In Bissau mit Präsident Umaro Sissoko Embalo, dem derzeitigen Präsidenten der Wirtschaftsgemeinschaft der westafrikanischen Staaten, in Lomé mit Präsident Faure Gnassingbe, einer Schlüsselfigur in der Akte, oder sogar in Abidjan, alle unsere Gesprächspartner versammeln sich einstimmig: Die Linien bewegen sich .

Die nach Bamako entsandte Delegation erzielte Ergebnisse. Der Fall der 46 in Mali festgehaltenen ivorischen Soldaten wurde zwar vor Gericht gebracht, aber die malischen Behörden setzen sich zunehmend für eine gütliche Einigung ein. “ Möchten Sie wissen, wann wir weißen Rauch sehen werden? Sei Geduldig ! Eine Quelle steht im Mittelpunkt der Verhandlungen.
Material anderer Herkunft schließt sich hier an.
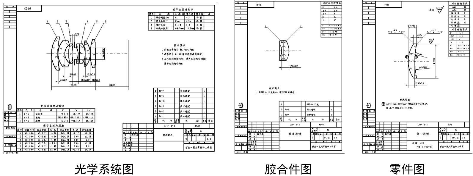 本軟件包有很強的自動繪制各種光學圖紙的功能。在光學系統出圖階段,可以按照標準化的要求,滿足 GB13323-91 光學制圖以及其他一系列諸如光學零件公差配合,零件倒邊倒角的要求,繪制光學系統圖,光學零件圖以及光學棱鏡圖等。

Während des Treffens mit dem Präsidenten der Übergangsphase, Asi Guta, stellten einige fest, dass die Dinge sein könnten geh schnell „.“ Vorausgesetzt, es gibt kein Braten auf der Leitung Dieselbe Quelle fügt hinzu. Auch ein enger Berater von Oberst Assimi Goïta ist optimistisch.


Der Besuch der subregionalen Gesandten wurde auch vom äußerst einflussreichen religiösen Führer des Nioro Financial District aufmerksam verfolgt. Sie intervenierte auch mit dem Ziel, 46 Soldaten aus Côte d’Ivoire freizulassen, nachdem sie am Tag zuvor eine Delegation aus Côte d’Ivoire empfangen hatte, darunter insbesondere ein malischer Geschäftsmann und ein Berater, der beim ivorischen Präsidenten sehr beliebt ist.